Milledgeville/Baldwin County: Reviving The Old Mansion
The historic Milledgeville walking tour has 44 stops, starting with the visitors center and followed by the Old Capitol Building, renovated in 2000 and getting a new museum this year. Now home to Georgia Military College, it stands in Gothic splendor, imposing as ever.
Just down the street about four blocks and around a corner, the Old Governor’s Mansion had not fared as well – until recently. It was abandoned in 1868 when the state moved the capitol to Atlanta – for the railroad access and the new South image. It was later given to what is now Georgia College & State University, which used it for its original building and treasures it still.
But in recent decades the building was crumbling. Its original glass windowpanes were put into storage so vandals wouldn’t break them.
Now the windows are back – along with just about everything else to make this Greek Revival mansion as fine as it was when it was built in 1839. “We spared no detail,” says Jim Turner, director of the Old Governor’s Mansion and a history professor at the college.
It took 11 years of planning and painstaking research and $9 million from the state and the Woodruff Foundation. But the restoration was finished and the mansion reopened its doors last year. Already more than 12,000 people have visited. The restoration has won state and national awards and many glowing reviews.
“It’s a very big deal for Milledgeville and the state,” says Matthew Davis, curator of the mansion, which is being run strictly as a house museum and is no longer available for meetings, conferences or cotillions. “This is one of the most accurately restored houses in the Southeast and one of the top 10 in the nation.”
A tour of the house reveals seemingly endless details that have been carefully restored or replicated – from the silver doorknobs and hinges to the 24-karat gold leaf on the interior dome.
“The mansion is a jewel in our crown,” says Jane Sowell, executive director of the Milledgeville-Baldwin County Convention & Visitors Bureau. “I love having it here.”
The mansion was the residence of Georgia’s governors for more than 30 years.
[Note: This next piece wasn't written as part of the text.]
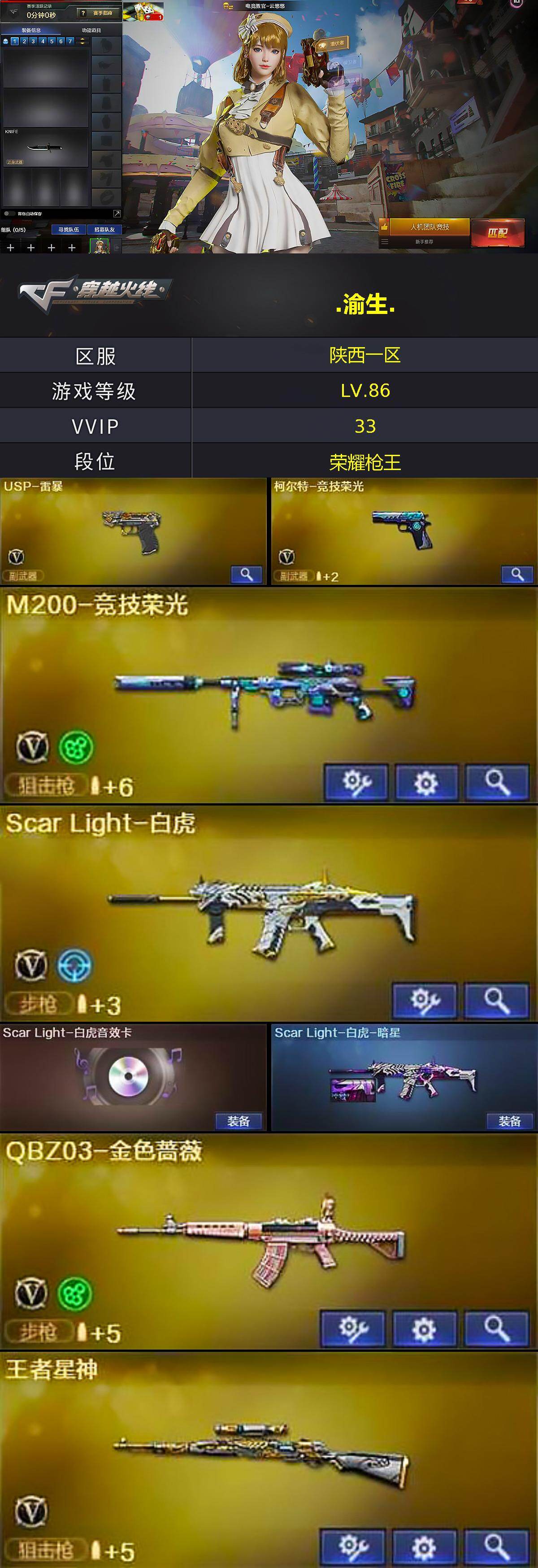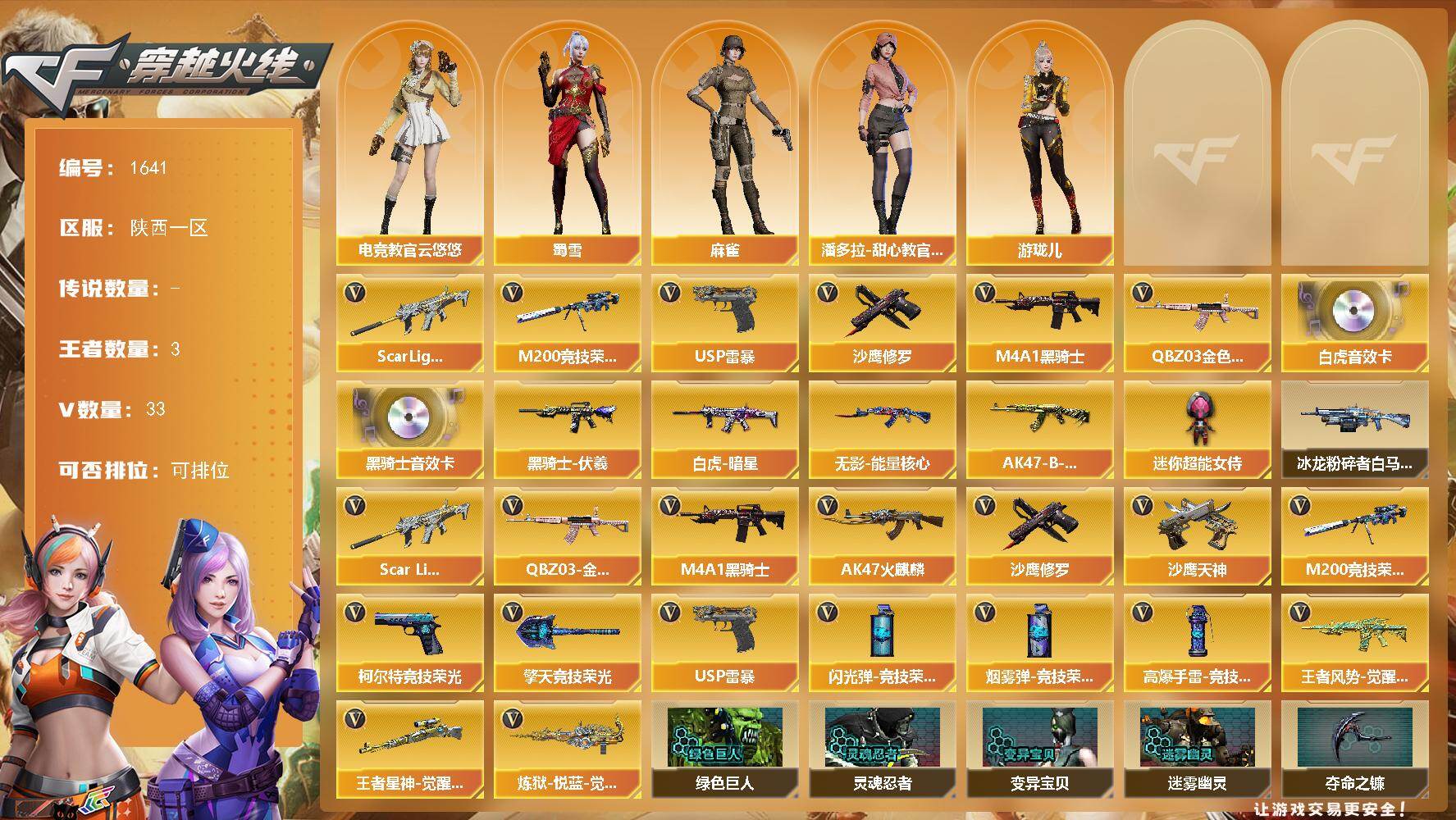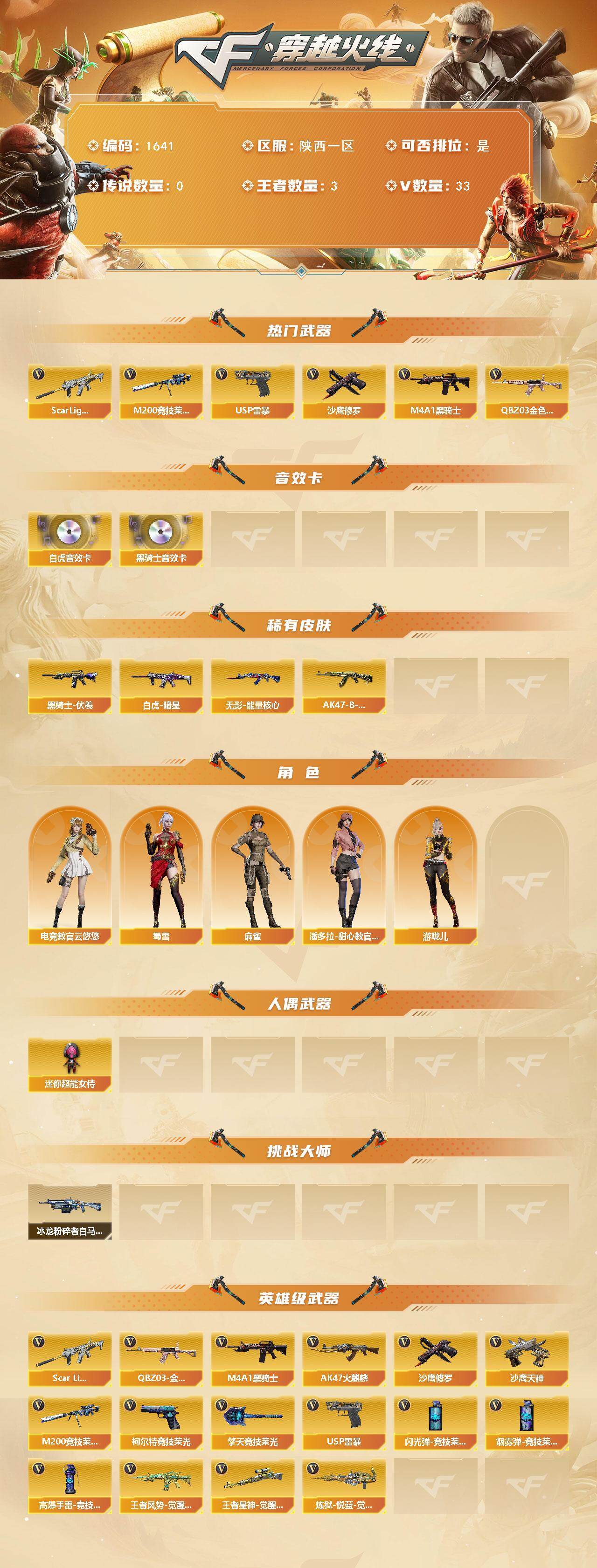 [15744700]陕西一区-33V-3王者-0炫金 【热门武器】:QBZ03-金色蔷薇,Scar Light-白虎,M200-竞技荣光,M4A1-黑骑士,USP-雷暴,沙鹰-修罗*2 【音效卡】:M4A1-黑骑士音效卡,Scar Light-白虎音效卡 【皮肤】:Scar Light-白虎-暗星,黑骑士-伏羲,无影-能量核心,AK47-B-常胜将军-孙权 【角色】:电竞教官-云悠悠,麻雀,潘多拉-甜心教官,蜀雪,游珑儿 【人偶武器】:迷你超能女侍 【挑战大师】:冰龙粉碎者-白马银枪 【英雄级武器】:AK47-火麒麟,M4A1-黑骑士,Scar Light-白虎,QBZ03-金色蔷薇,王者风势-觉醒版,M200-竞技荣光,王者星神-觉醒版,炼狱-悦蓝-觉醒版,沙鹰-修罗*2,沙鹰-天神,USP-雷暴,柯尔特-竞技荣光,擎天-竞技荣光,高爆手雷-竞技荣光*7,闪光弹-竞技荣光*7,烟雾弹-竞技荣光*7 【道具】:绿色巨人,灵魂忍者*2,变异宝贝,迷雾幽灵,夺命之镰,防化服*2,金色流光-枪王排位*2,电玩兔兔表情,防弹头盔*5,防弹衣*5,C4工具钳*5,手雷包*5 【特殊枪械】:1白虎,1黑骑士
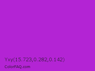 Yxy 15.723,0.282,0.142 Color is a normal purple color and the nearest color is Vivid Mulberry #b80ce3. Hex code #b325d4 and RGB value is rgb(179,37,212). In RGB color space, this color is composed of 70% red, 15% green, 83% blue, In CMYK color space, this color is composed of 16% cyan, 83% magenta, 0% yellow , 17% black , In HSL color space, this color has a hue angle of 289° , 70% saturation and 49% lightness.

It was where Gov. Joe Brown was shaving in his third floor bedroom when Union soldiers came to arrest him. And, for a couple of days in November 1864, it was home to Gen. William T. Sherman, who claimed it as a prize on his march to the sea.
The restoration includes many details of life in the mansion, with furnishings and even personal items from the families of governors in bedrooms, drawing room, parlor and dining rooms. An education building was added on the grounds for tours groups and conferences.
The house is open to the public Tuesday through Saturday from 10 a.m. to 4 p.m. and Sunday 2 p.m. to 4 p.m. Tours begin on the hour. Admission is $10. Curator’s tours are offered every third Tuesday for $15.